Problem to solve:
Your copy of the entries below should hold exactly the lines from the one containing "Me llevaron a" to the one containing "Prof. Kishor K.", inclusive, and no pictures.

*** Data for analysis Section Begins ***

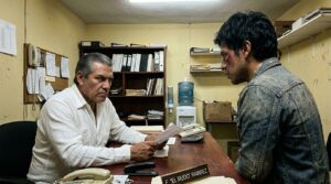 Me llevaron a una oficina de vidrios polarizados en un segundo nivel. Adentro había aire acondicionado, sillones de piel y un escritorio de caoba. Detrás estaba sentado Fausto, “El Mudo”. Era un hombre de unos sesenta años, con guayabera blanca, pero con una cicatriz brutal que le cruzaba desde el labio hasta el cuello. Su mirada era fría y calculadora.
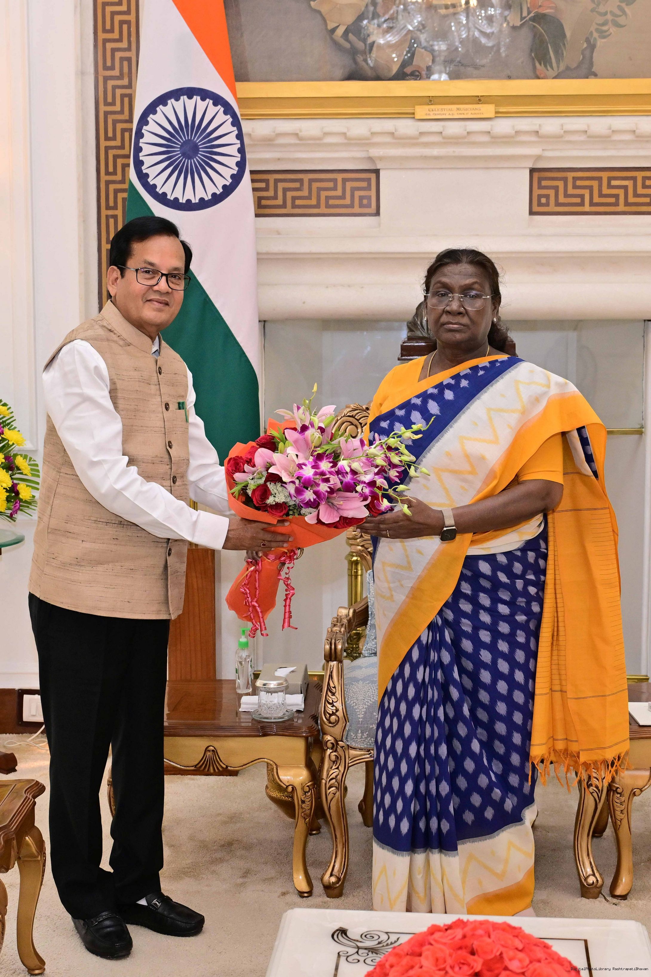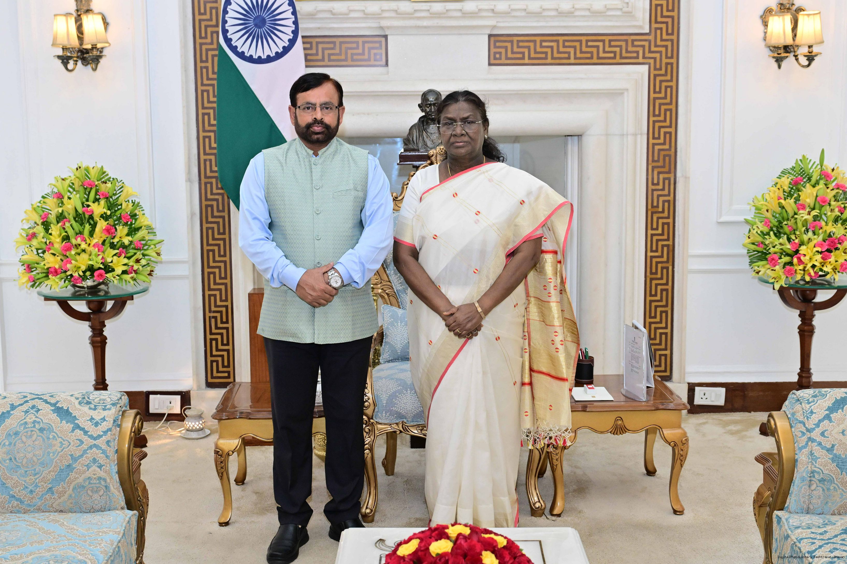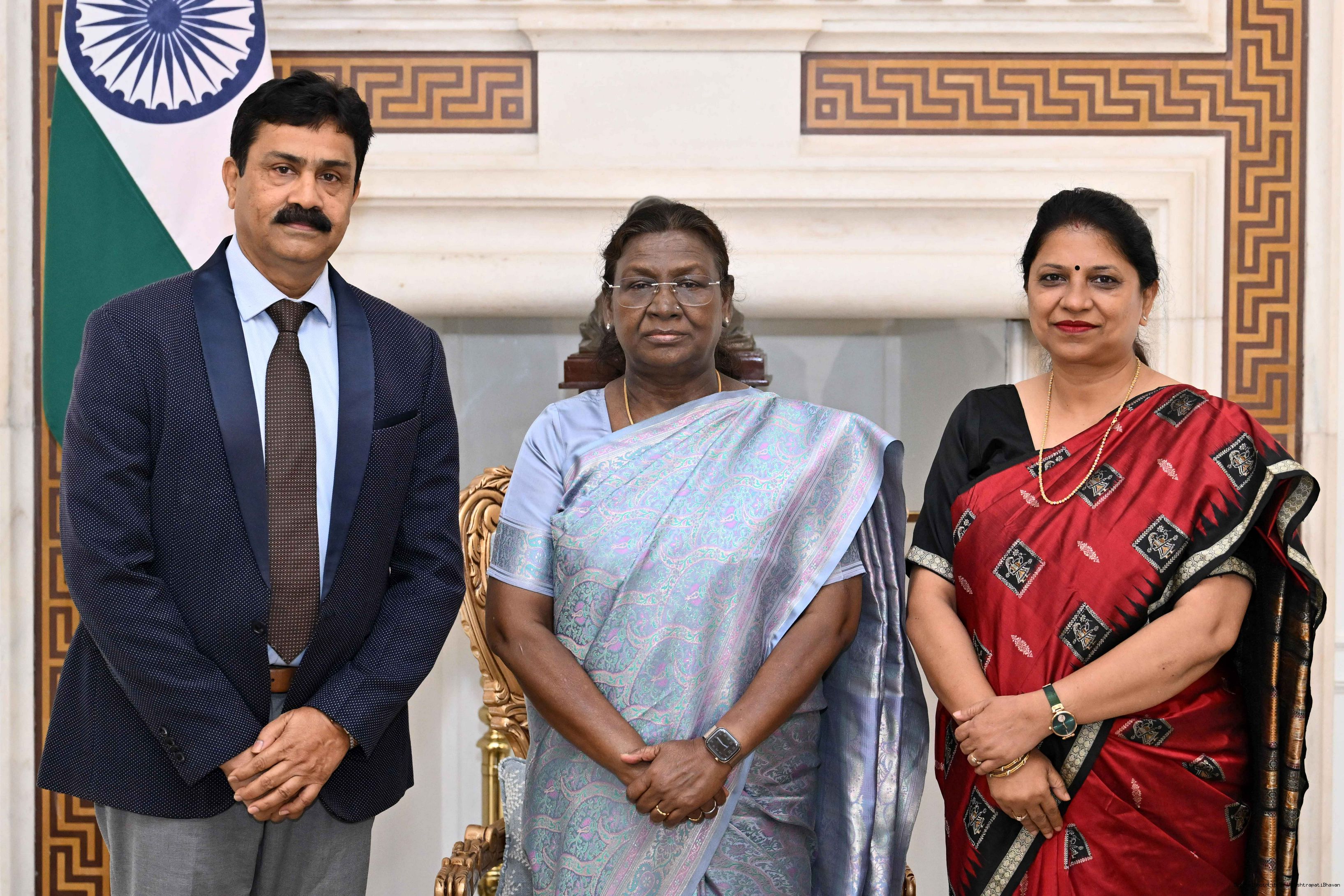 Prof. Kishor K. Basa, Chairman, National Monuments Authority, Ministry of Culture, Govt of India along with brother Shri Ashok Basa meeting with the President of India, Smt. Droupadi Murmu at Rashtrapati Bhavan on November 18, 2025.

*** Data for analysis Section Ends ***
*** Data for analysis Section Begins ***

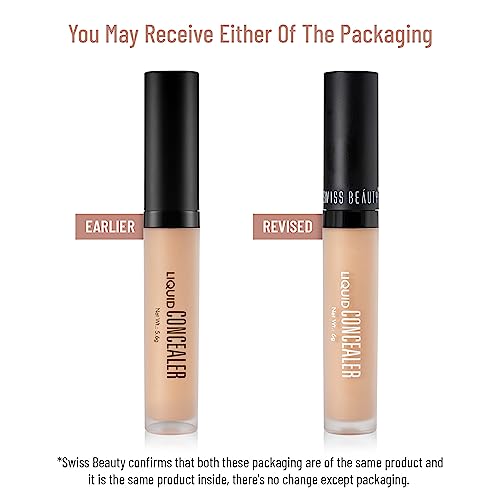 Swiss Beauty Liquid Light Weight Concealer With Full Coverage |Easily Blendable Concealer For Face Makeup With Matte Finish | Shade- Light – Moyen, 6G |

*** Data for analysis Section Ends ***

Response to this exercise:
 Me llevaron a una oficina de vidrios polarizados en un segundo nivel. Adentro había aire acondicionado, sillones de piel y un escritorio de caoba. Detrás estaba sentado Fausto, “El Mudo”. Era un hombre de unos sesenta años, con guayabera blanca, pero con una cicatriz brutal que le cruzaba desde el labio hasta el cuello. Su mirada era fría y calculadora.
 Prof. Kishor K. Basa, Chairman, National Monuments Authority, Ministry of Culture, Govt of India along with brother Shri Ashok Basa meeting with the President of India, Smt. Droupadi Murmu at Rashtrapati Bhavan on November 18, 2025.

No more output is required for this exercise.